UIQuery is an experiment to make it easy to find elements anywhere and at any depth in the view heirarchy.
The basic method, matchIn(...)
, takes an element to search below and a
function that gets called for each subelement below to the full depth. If you
return true from that function, then that element is returned by the
matchIn(...)
method. This returns null if no element is found.
firstWithName(...)
is an example using this. It looks for any element with
the given name in the window, or in a specific element context if it is handed
in as the second parameter.
To match with the existing automation APIs, I have firstWithName(...)
return
a UIAElementNil
if matchIn(...)
doesn't find anything. That way you can use
the .isValid()
query methods on the result of this search.

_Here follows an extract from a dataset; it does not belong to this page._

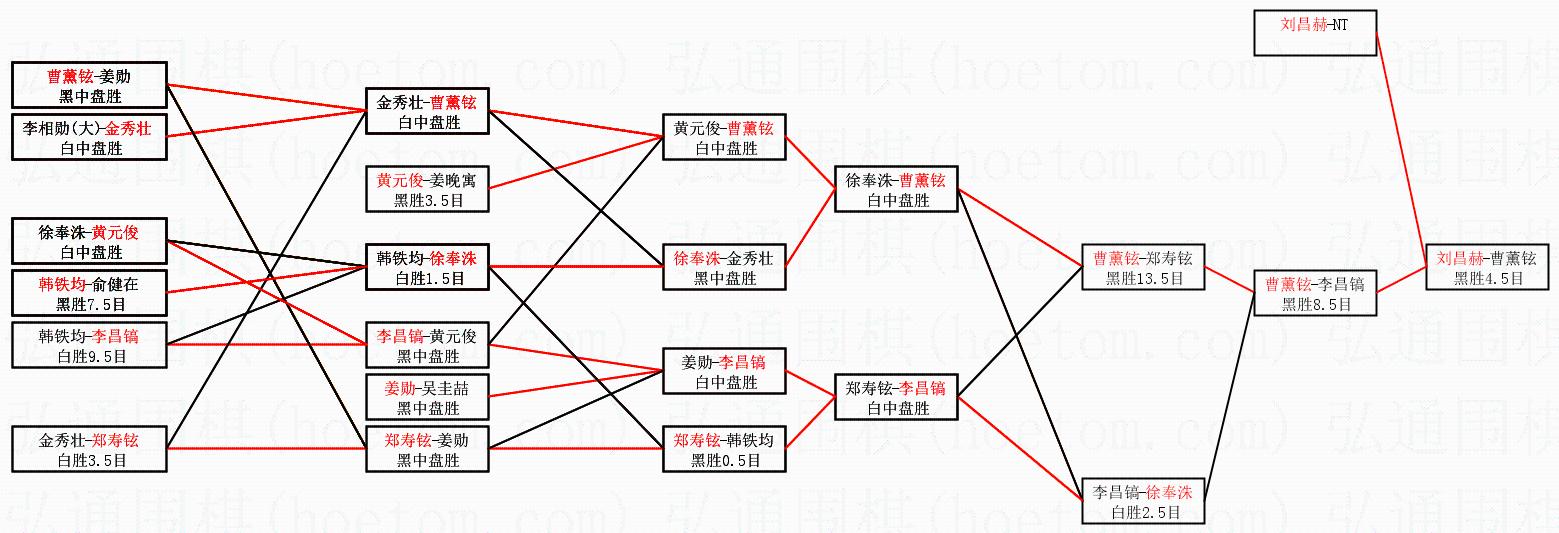 1.刘昌赫获得冠军,曹薰铉获得亚军。决赛比分:刘昌赫4:2曹薰铉。棋局:
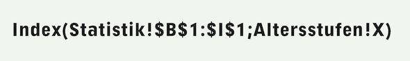 Natürlich kann ggf. auch der ganze Titel vom Inhalt des Rechenblatts «Statistik» abhängig gemacht werden, wenn nicht nur ein Element – in unserem Fall die Altersgruppen – sondern der ganze Titel ändern soll.

There's some experimentation here to find specific types of elements with given names, and even a try at a "selector syntax".
Simply cd into the project directory and type ./run_automation.sh
. That will
trigger a compile and execute Instruments so you can see the tests execute
against the sample application.
Here's what test.js
gives you:
test("Finds first element with a specific name", function() {
var elm = UIQuery.firstWithName("Row 1");
if (!elm.isValid()) throw "Element wasn't found";
});
test("Find first type of element with a specific name", function() {
var elm = UIQuery.firstKindWithName("cells", "Row 1");
if (!elm.isValid()) throw "Element wasn't found";
var elm = UIQuery.firstKindWithName("buttons", "Row 1");
if (elm.isValid()) throw "Table cell was found when button was expected!";
});
test("Experimental query syntax", function() {
var elm = UIQuery.firstWithQuery("cells[Row 1]");
if (!elm.isValid()) throw "Element wasn't found";
});
test("Returns invalid element if nothing found", function() {
var elm = UIQuery.firstWithName("This Shouldn't Be On Screen");
if (elm.isValid()) throw "Whoops! An element was found.";
});
test("Tap through to see static text on next screen", function() {
var elm = UIQuery.firstWithName("Row 1");
elm.tap();
UIATarget.localTarget().delay(0.6);
var staticText = UIQuery.firstWithName("Row 1");
if (!staticText.isValid()) throw "No element with that name was found";
if (!(staticText instanceof UIAStaticText)) {
throw "What came back wasn't a static text!";
}
});
-
Since UIQuery sets the timeout to 0 so that the searching happens quickly, you have to delay the script manually to wait for animations or views to appear on screen. This could be solved with a timeout in these searching methods, but I'm holding off on that complexity for now.
-
There's no way to instantiate a
UIAElementNil
, so I'm generating one by trying to fetch a non-existant element by name on the target. I don't know what kind of long term effects that might have.